I am including this link from the last thread as it seems important
From Page 17 of the slides in the post: http://www.ogre3d.org/forums/viewtopic. ... 50#p478276dark_sylinc wrote:OK!! I added the tasks needed for Ogre 2.x
They're in the WIKI PAGE.
Different people have differing defintions of Tasks/Blocks/Workunits/microthreading/whatever this can make this discussion difficult. There are many task scheduler based threading solutions that launch very few threads by running multiple blocks/WorkUnits/Whatever in the thread before its destruction. The active research in this area makes defining things difficult. Having few good definitions makes discussing difficult.dark_sylinc wrote:A thing about tasks (aka. “Short-lived threads”):
In my experience on modern systems much of the cost of creating a thread comes from it being a system call and at some point needing to allocate memory. A system that is spawning hundreds of threads on modern commodity hardware is too broken to be considered by any performance instensive application, but only because it is creating a large amount of needless objects. I think there are some situations in which it may be faster to create/destroy threads rather than use other synchronization primitives, but in general I agree fewer creations of short lived objects on the heap is a good thing.
From the page 14 slides in the post: http://www.ogre3d.org/forums/viewtopic. ... 50#p478276
How much work is in each of those boxes (on page 14)? If there is a significant amount of work, then it may be possible to put them each into Task/WorkUnit in a system that respects data dependencies and does not create unneeded threads. If it is just a few calculations I may have an idea. Is it possible to easily group the nodes in some way where they can be worked on and the dependency is respected because the grouping implies thread safety (Please forgive my ignorance of Ogre). For example, if the nodes are in a hierarchy where each node has one parent and N children there is an implied guarantee. This would let us logically split the heirarchy near its base into X groups we could keep each child with its parents(and grandparents and so on until the split) and each group is worked by a single thread.
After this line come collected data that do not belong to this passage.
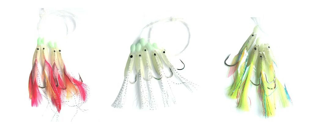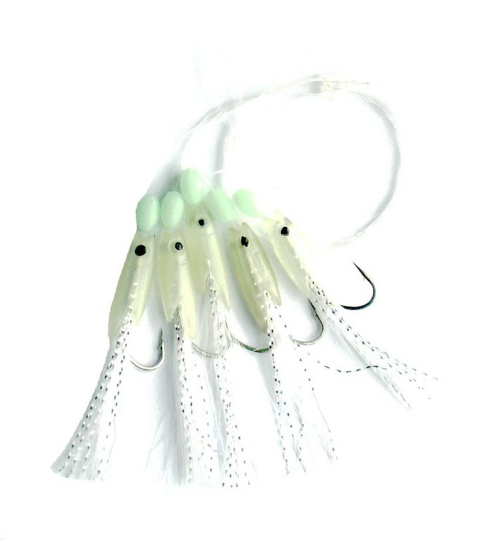 Dieses handgebundene Vorfach, mit selbstleuchtenden Lockperlen und kleinen Fischimitationen mit Tinsel, ist 1,40m lang. Es besteht aus 0,45mm starker monofiler Schnur und Haken der Größe 3/0. Es gibt drei verschiedene Farbvarianten, die sich in der Farbe der Tinsel unterscheiden.
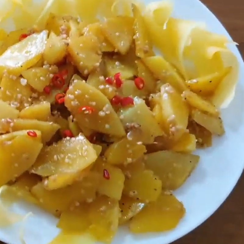 - Xào đến khi đu đủ chín mềm và thấm gia vị.
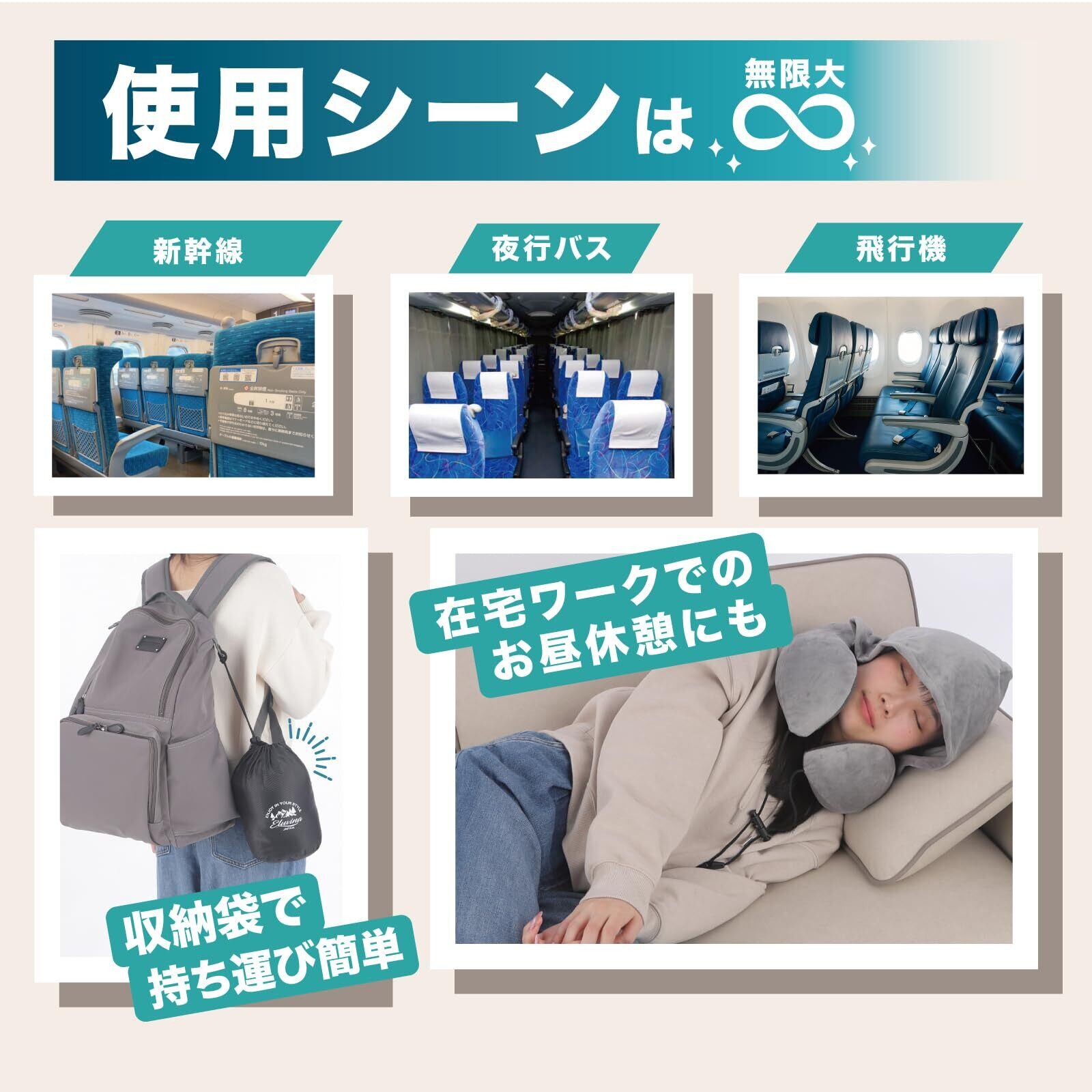 【コンパクト収納&便利な3点セット付き】 専用の収納袋でコンパクトに持ち運びOK!さらに耳栓・アイマスク付きで移動中の快適さをアップ。飛行機・新幹線・バス・車・オフィスなど、あらゆるシーンで活躍します。
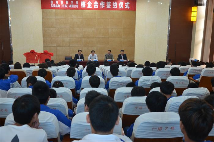 学院将与东贝机电(江苏)有限公司密切合作、取长补短、资源共享,实现校企互利共赢;在专业建设上,突出实践教学,着力培养学生的职业核心能力,学院以企业为培养学生第二课堂,企业在职工技能提升上以学院为课堂,共同发展,采取“订单式”培养,设立冠名班,打造职教品牌。
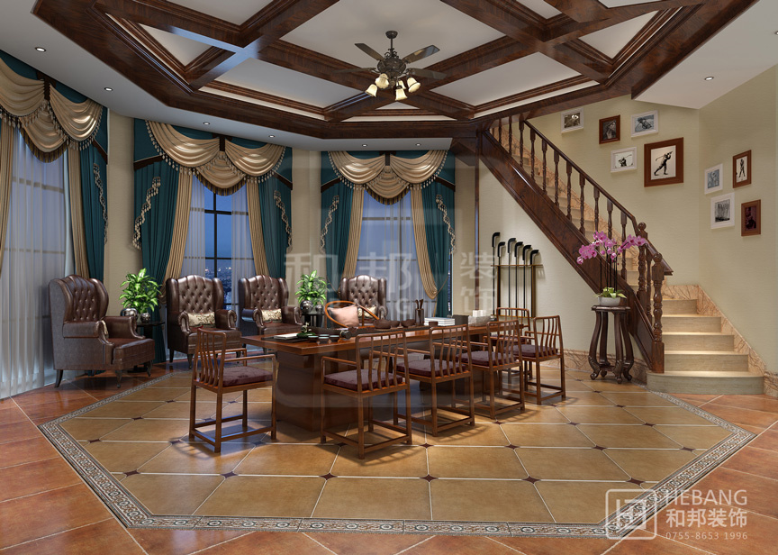 一種磅礴大氣的中式氛圍,別具一格而精致典雅,讓進入到空間里的人眼前一亮,每個細節都精雕細琢,耐人尋味。
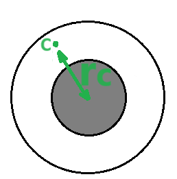 נערוך תרשים המתאר את הכדור המלא בתוך הכדור החלול ואת הנקודה C:
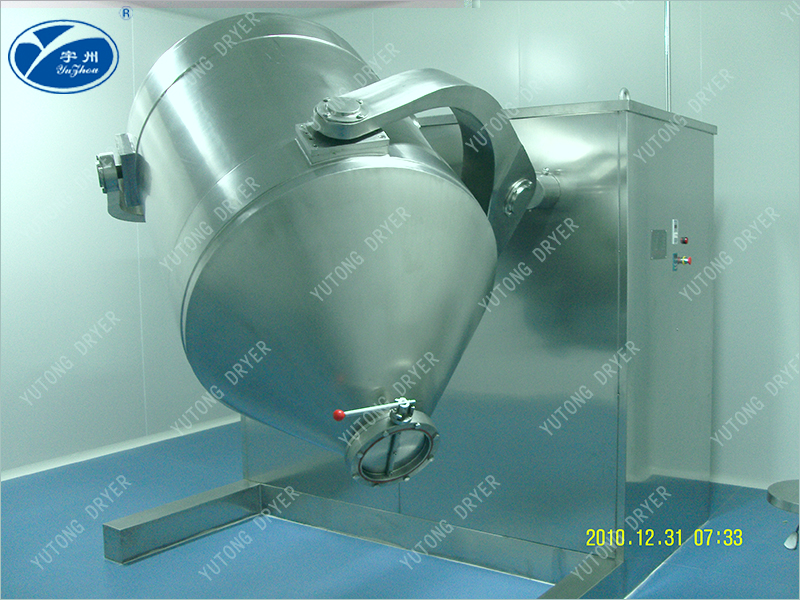 該機(jī)在運(yùn)行中,由于混合桶體具有多方向運(yùn)轉(zhuǎn)動作,使各種物料在混合過程中,加速了流動和擴(kuò)散作用,同時(shí)避免了一般混合機(jī)因離心力作用所產(chǎn)生的物料比重偏析和積聚現(xiàn)象,混合無死角,能有效確保混合物料好的品質(zhì)。結(jié)構(gòu):該機(jī)由機(jī)座、傳動系統(tǒng)、電器控制系統(tǒng)、多向運(yùn)動機(jī)構(gòu)、混合桶等部件組成,與物料直接接觸的混合桶采用不銹鋼材料制造,桶體內(nèi)外壁均經(jīng)拋光。完全符合GMP要求。
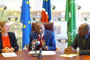 Joint Press Conference on the main outcomes of the 31st Session of the ACP-EU Joint Parliamentary Assembly (JPA) which ended yesterday on the 15th of June. EU Ambassador to Namibia, Jana Hybaskova, Speaker of the National Assembly, Professor Peter Katjavivi and Namibia's Ambassador Kaire Mbuende accredited to the EU, ACP, the Netherlands, Belgium and Luxembourg held a Press Conference on the JPA. The Speaker of the National Assembly thanked all partners and organizations who contributed to making this event a resounding success. He added that the JPA served as a platform for intensive exchange of views between ACP and EU Parlementarians on a wide range of critical topics, such as: the common management of ACP-EU migration, ending impunity for rape and violence against women and children in armed conflics, strengthening governance and local participation levels as well as promoting decentralization. Delegates furthermore had the opportunity to elaborate on the partnership POst-Cotonou in order to ensure that it reflects current challenges and opportunities.
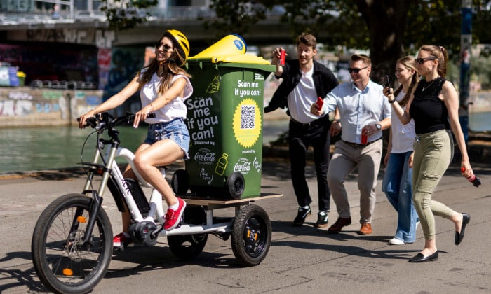 Ziel: Um Bewusstsein für die korrekte Abfalltrennung im "zweiten Wohnzimmer" der Wiener:innen zu schärfen, schicken die beiden Partner jeweils freitags und samstags eine fahrende Edition der Gelben Tonne auf den Weg. Wer sie bei ihren Touren am Donaukanal entdeckt, kann gleich doppelt gewinnen: Über den Scan des aufgedruckten QR-Codes erhalten User:innen der App Digi-Cycle 1+1 Gratis Coca-Cola Konsumationsgutscheine als Sofortpreis bei teilnehmenden Partnerbetrieben.
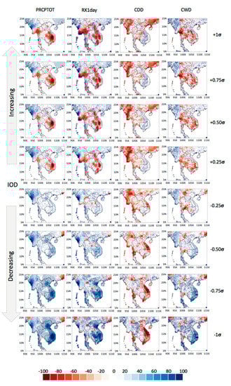 Given the condition of increases or decreases by 0.25 SD of the IOD index for the dry season, the spatial distribution of the rainfall indices is shown in Figure 11. For a decrease of −1 SD of the IOD, there is more rainfall (PRCPTOT and RX1day) than usual throughout the ICP, especially in Laos and Vietnam. For a +1 SD increase of the IOD, negative anomaly patterns of PRCPTOT are dominant in southern Vietnam, eastern Cambodia, and northeastern Thailand, while weak patterns of positive anomaly are evident in areas of Myanmar and South China. Compared with the changes in the rainfall indices during the wet season, changes in the rainfall indices are intensified and the spatial influence is more extensive. However, for the CDD and CWD indices, either the positive anomaly patterns are weakened or the negative anomaly patterns appear for a +1 SD increase of the IOD. Especially for the CWD index, a pattern of decrease by more than 10–20% compared with the long-term average is found in Thailand, whereas the Myanmar region shows a pattern of increase of 15–25%. In this study, we simulated the changes in both wet and dry season rainfall across the ICP according to intentional IOD changes, and IOD-sensitive hotspots were verified through quantitative analysis. The findings of this study could help elucidate the long-term changes in rainfall expected in the ICP region in a changing climate.
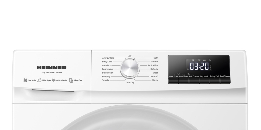Heinner HHPD-HMY70FD++ este un uscător de rufe cu tehnologie modernă, conceput pentru a combina eficiența energetică cu îngrijirea delicată a hainelor. Cu o capacitate de 7 kg, 15 programe de uscare și un panou de control digital intuitiv, acest model oferă performanță constantă și confort în utilizare. Este alegerea ideală pentru familiile care doresc haine perfect uscate și protejate.
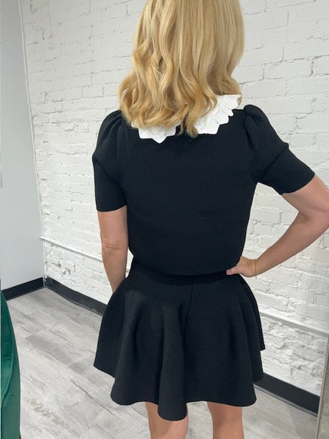 Effortlessly chic and feminine- this two piece knit skirt set features a lace trimmed collar detail with fun flouncy skirt. It makes for the perfect workday dressy attire or a stylish night out.
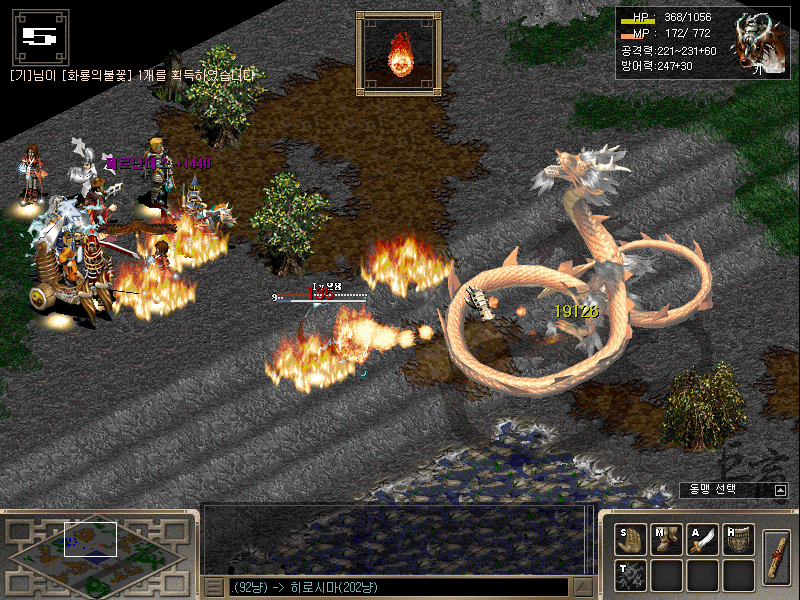 2008년에 찍은 아직 남아 있는 스샷 몇장을 남겨 본다. 주로 화룡의 불꽃을 얻는 장면이다. 화룡을 잡기 위해 신립, 페르난데스, 본케도 무기를 총 들고, 나중에는 '기'라는 환수를 이용했던 것 같다.
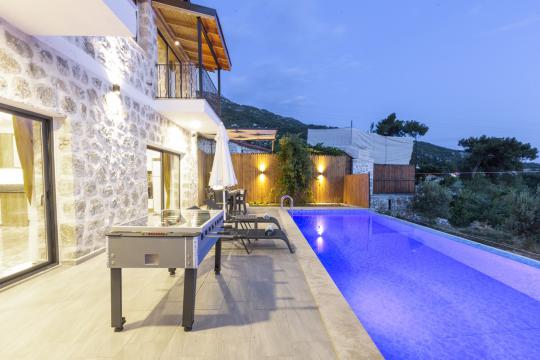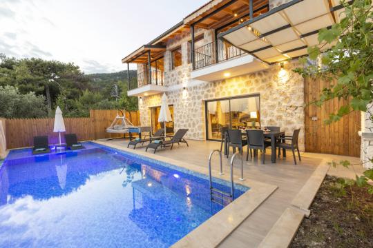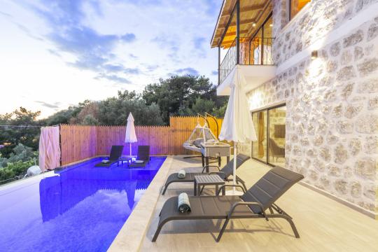 Kalkan İslamlar Köyü’nde yer alan Villa Mustang, doğa manzarasına hakim, 2 yatak odalı ve 4 kişilik konaklama kapasitesine sahip, şık ve konforlu bir tatil villasıdır. Tam korunaklı havuzu sayesinde muhafazakâr aileler, balayı çiftleri ve çekirdek aileler için idealdir.

This requires no synchonization until the work ends and naturally there will be no race condtions.dark_sylinc wrote:There is no guarantee parents are updated in the same thread as their children.
Doing so would be more trouble than it's worth. (But if real world code proves it isn't
hard to guarantee this order → no syncs would be needed until the end)
Towards the end of your slides you mention that entities with animations must be handled in a different fasion. With these complications and the culling issues you in mentioned your previous response it seems that some things to be rendered follow very different codepaths, if that is the case then a more nuanced view of threading that we have discussed might be required. Is there a document that describes these processes in detail (moreso than your slides) so I could make more intelligent and specific observations? Or should I be looking at the source code, and helping to populate the wiki page with my findings?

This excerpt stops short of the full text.